„Wer den Film in der Bundesrepublik gesehen hat, hat ihn nicht gesehen“.
Zu den (west-)deutschen Fassungen der Filme Visconti.
„Wer den Film in der Bundesrepublik gesehen hat, hat ihn nicht gesehen“. So schreibt Wolfram Schütte, wobei er sich auf den Luchino Visconti-Film Ludwig aus dem Jahr 1972 bezieht, der in der BRD in einer um 50 Minuten kürzere Fassung lief. Das gleiche Schicksal traf jedoch einen Großteil der Filme der italienischen Altmeisters, als sie in die (west-)deutschen Kinos kamen, von seinem Erstlingswerk Ossessione bis Rocco e i suoi fratelli, von Senso bis Il Gattopardo, der sogar doppelt gekürzt wurde: Neben einer um 30 Minuten kürzere Fassung lief in der BRD eine weitere Verarbeitung, bei der fast eine Stunde herausgeschnitten worden war.
Durch eine Analyse des wechselvollen Schicksals der Filme Luchino Viscontis diesseits der Alpen, der vielschichtigen Kette von Eingriffen, Kürzungen und Manipulationen, die sie erfuhren, und die als musterhaft erscheinen für den „freien“ Umgang mit ausländischen Filmen in der BRD der Nachkriegszeit, soll ein weiteres Licht auf die umfängliche Kontroll- bzw.
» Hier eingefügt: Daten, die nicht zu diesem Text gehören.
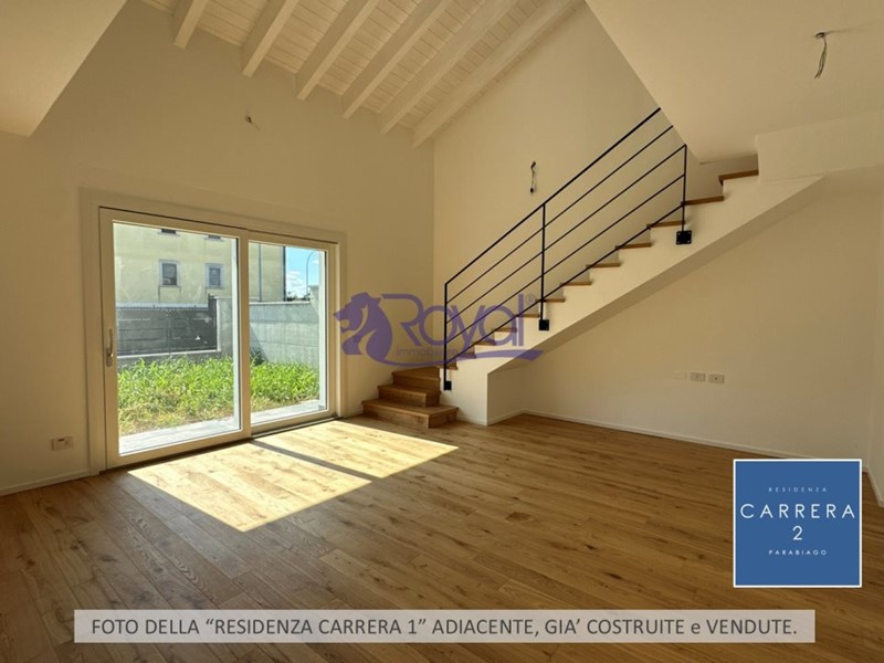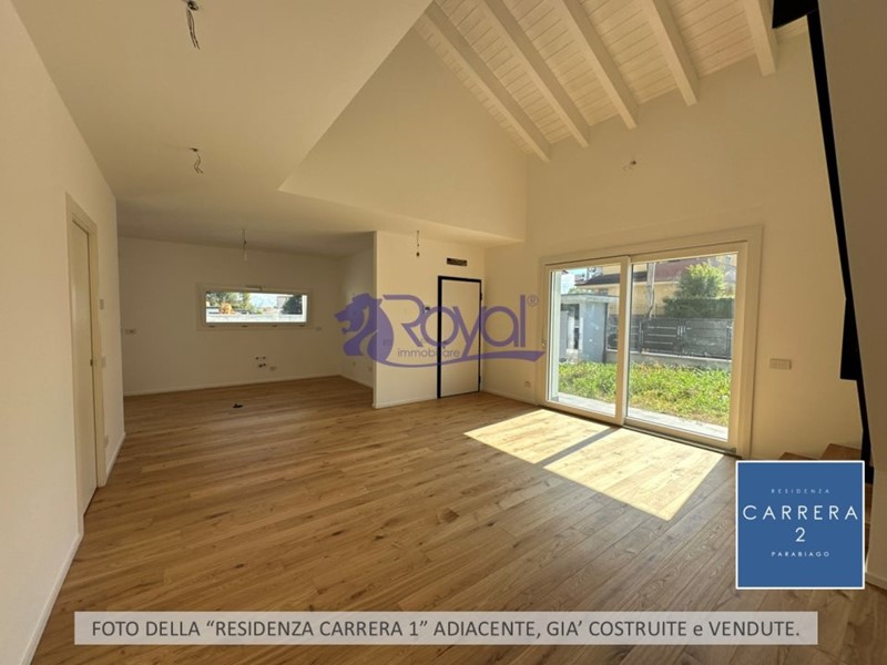 Posta nella zona residenziale più signorile e richiesta di Parabiago, villa di NUOVA COSTRUZIONE, ad alta tecnologia costruttiva classificata nella più ALTA CLASSE ENERGETICA A4! L'abitazione, con finiture interne da personalizzare, è di grande metratura, si suddivide su due piani, per un totale di 140 mq così composti: piano terra di 88 mq dove la favolosa zona living, cuore di ogni casa, è resa in questa soluzione ancor più importante e particolare per la doppia altezza che le dona eleganza e modernità, oltre a trasmettere senso di spazio e luce; l'abitazione prosegue con una grande cucina abitabile, che è possibile mantenere a vista per una continuità della zona giorno mantenendo lo stile moderno oppure dividerla in modo più tradizionale dandole più privacy, scelta lasciata liberamente all'acquirente; al piano vi è anche una spaziosa camera matrimoniale, una zona adibita a lavanderia ed il primo bagno. Il piano primo di 52 mq, mansardato travi in legno a vista è ABITABILE, molto particolare la scala a vista che conduce al soppalco che precede la zona notte, dove troviamo una cameretta con balcone, il secondo bagno e la seconda camera matrimoniale di generosa metratura dotata di terrazzo! Il giardino di 190 mq, oltre ad un porticato di altri 13 mq, è distribuito sui tre lati della villa, è da sottolineare l'assoluta riservatezza della zona esterna retrostante della casa ideale da sfruttare per momenti di convivialità in famiglia o con amici in totale privacy. La costruzione progettata per assicurare un altro risparmio energetico, grazie all'impiego di materiali innovativi e di impianti tecnologici di ultima generazione, tra cui serramenti ad alto isolamento termico ed acustico, impianto di riscaldamento a pavimento mediante pompa di calore 100% elettrico, impianto fotovoltaico privato di ben di 5 kW/h, impianto elettrico predisposto per smart domotica, oltre predisposizione di climatizzatore e allarme. Il box doppio in larghezza con basculante sezionale motorizzata. La villa è da personalizzare nella scelte di finiture quali pavimenti, rivestimenti e porte interne. * LE FOTO DELLA VILLA ULTIMATA FANNO RIFERIMENTO ALLA RESIDENZA CARERRA 1 (POSTE A FIANCO) DI STESSA TIPOLOGIA E METRATURA, GIA' COSTRUITE e VENDUTE. SONO STATE PUBBLICATE a TITOLO di ESEMPIO.\nMappa - Maggiori Dettagli: Porta blindata, Cucina Abitabile

Zensur-Praxis der FSK und der (west-)deutschen Verleih-Firmen geworfen werden, welche neben dem offenkundigen Inhalt in starken Maß auch die ästhetische Ebene betraf, wobei die problematische Rolle, die insgesamt der Verleih spielte, im Besonderem berücksichtigt werden wird.